There should be no pictures in your answer, only an exact copy of the lines from the one with "Tampa de plástico" through the end of the material.

##### DATA TO USE #####

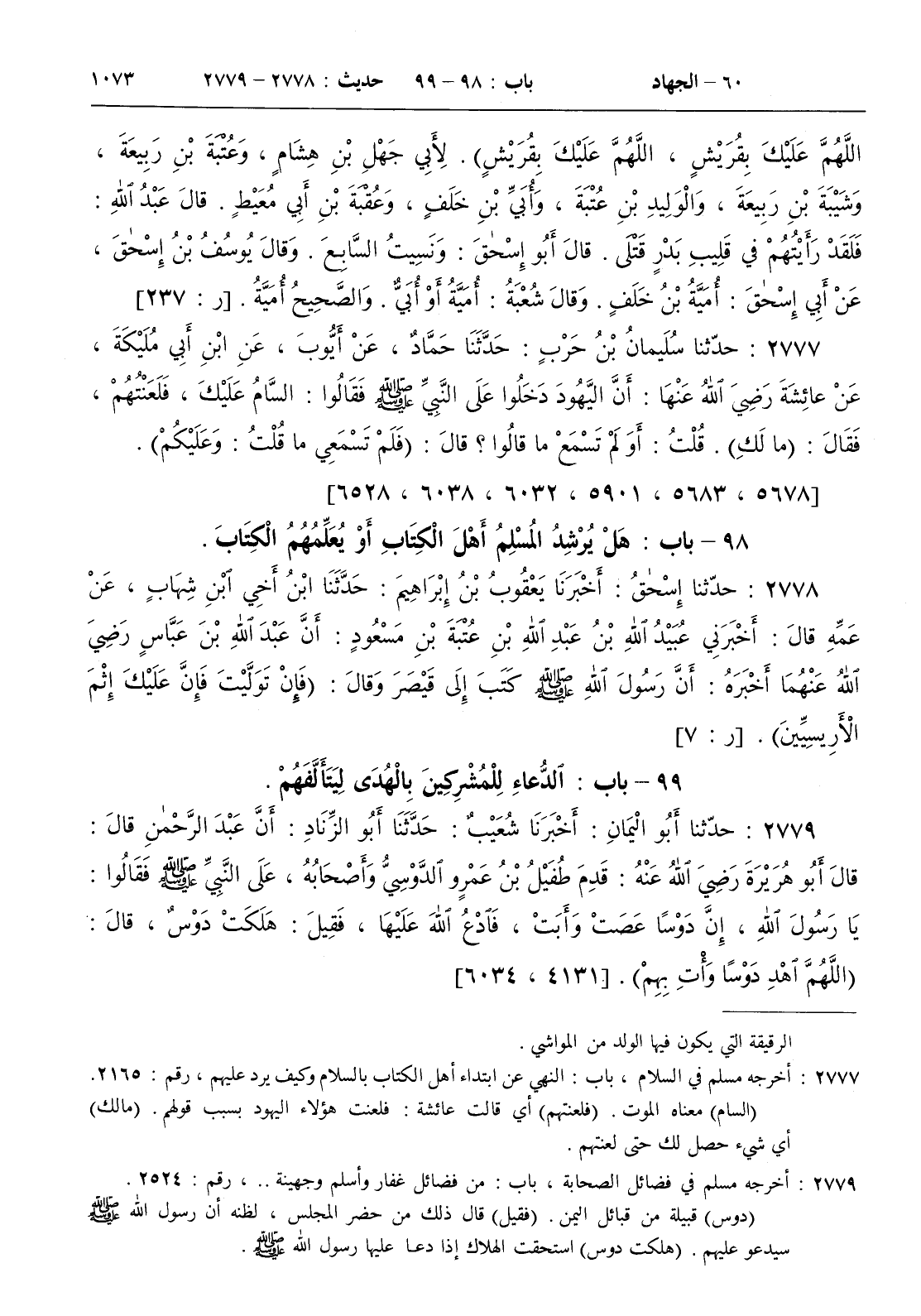 99 - باب الدعاء للمشركين بالهدى ليتألفهم
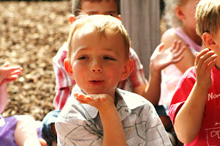 After party food the class put on a concert for all the Mum's, Dad's and grandparents. They sang songs and played instruments. Jarred was just loving it.
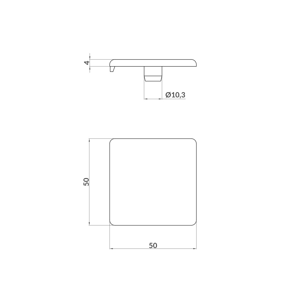 Tampa de plástico para rematar as secções do perfil onde for necessário. Compatível com o perfil modular de alumínio do Sistema Aluskit® de 50×50 quadrado. Deve ser instalada com adesivo devido ao design particular deste perfil.
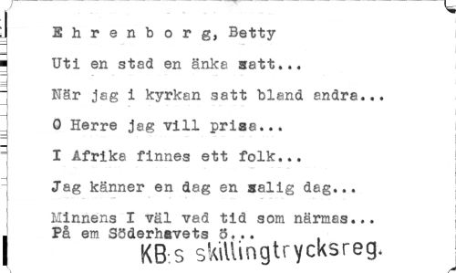 //// Ehrenborg, Betty ¦ Uti en stad en änka satt... //// När jag i kyrkan satt bland andra... //// 0 Herre jag vill prisa... //// 1 Afrika finnes ett folk... //// Jag känner en dag en salig dag... //// Minnens I väl vad tid som närmas... På em Söderhavets 5... , //// KB s skillingtrycksreg. ////
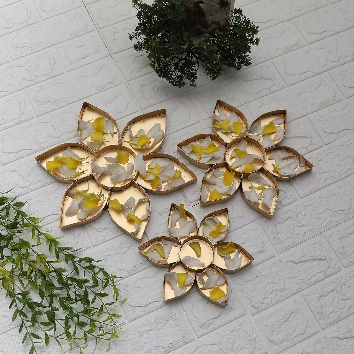 A Flower Shape Urli Platter Set of 3 is Perfect to add elegance for your Home & Office this Festive Season , It can be used for gifting also!
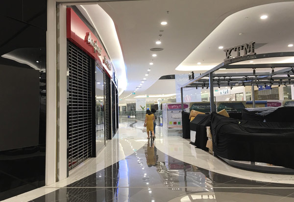 Tại Aeon Mall Hà Đông, nhiều gian hàng đóng cửa im lìm
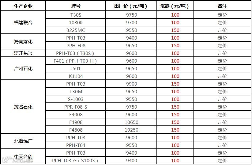 厂家挂牌价格上涨200元/吨:其中PPR-M600及PPH-M600X均报价在9600元/吨挂牌,PPR-M700挂牌价格在10400元/吨。山东联泓PP装置年产能为20万吨,正常生产。
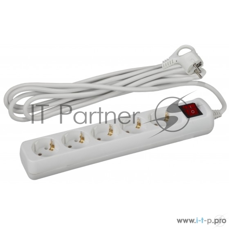 Удлинитель ЭРА Б0028382 U-5es-3m-3x1 с заземлением с выключателем 5 гнезд 3 м {полипропилен, 3х1 мм2}
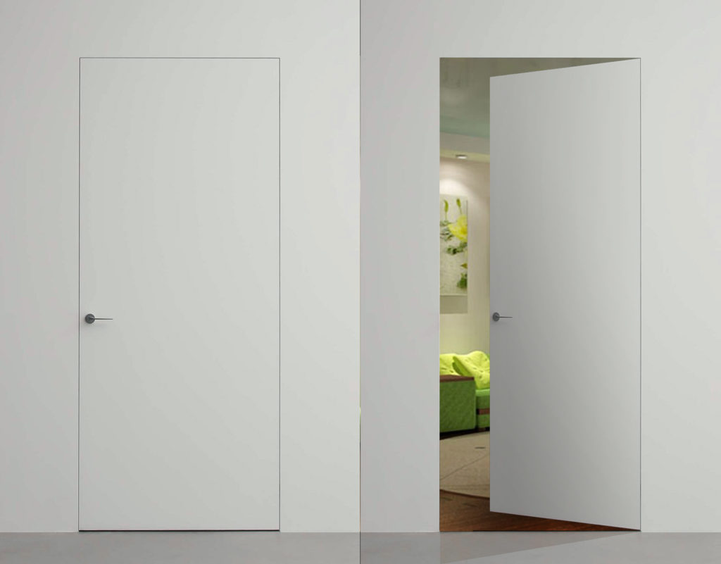 - Скрытый эффект двери происходит благодаря петлям, которые вмонтированы в раму. Перед тем как приобрести конструкцию необходимо определиться с ее типом – под отделку или заводское изделие;
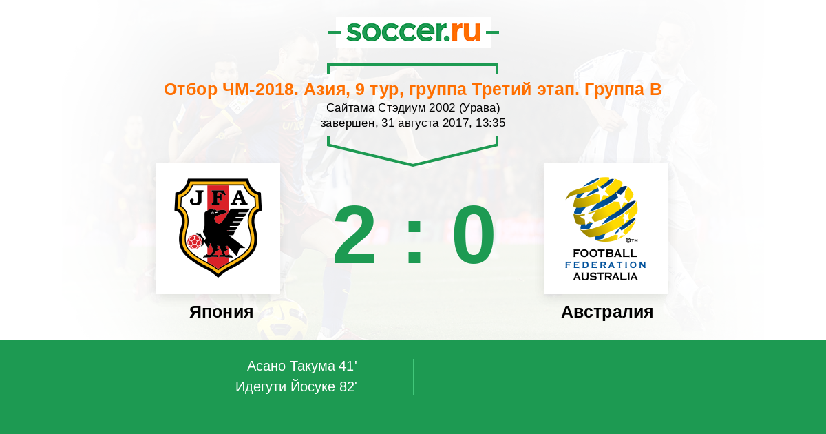 82' (2:0) Идегути Йосуке (2) (Харагути Гэнки (8))

#####

» **REPLY TO THE EXERCISE**
 Tampa de plástico para rematar as secções do perfil onde for necessário. Compatível com o perfil modular de alumínio do Sistema Aluskit® de 50×50 quadrado. Deve ser instalada com adesivo devido ao design particular deste perfil.
 //// Ehrenborg, Betty ¦ Uti en stad en änka satt... //// När jag i kyrkan satt bland andra... //// 0 Herre jag vill prisa... //// 1 Afrika finnes ett folk... //// Jag känner en dag en salig dag... //// Minnens I väl vad tid som närmas... På em Söderhavets 5... , //// KB s skillingtrycksreg. ////
 A Flower Shape Urli Platter Set of 3 is Perfect to add elegance for your Home & Office this Festive Season , It can be used for gifting also!
 Tại Aeon Mall Hà Đông, nhiều gian hàng đóng cửa im lìm
 厂家挂牌价格上涨200元/吨:其中PPR-M600及PPH-M600X均报价在9600元/吨挂牌,PPR-M700挂牌价格在10400元/吨。山东联泓PP装置年产能为20万吨,正常生产。
 Удлинитель ЭРА Б0028382 U-5es-3m-3x1 с заземлением с выключателем 5 гнезд 3 м {полипропилен, 3х1 мм2}
 - Скрытый эффект двери происходит благодаря петлям, которые вмонтированы в раму. Перед тем как приобрести конструкцию необходимо определиться с ее типом – под отделку или заводское изделие;
 82' (2:0) Идегути Йосуке (2) (Харагути Гэнки (8))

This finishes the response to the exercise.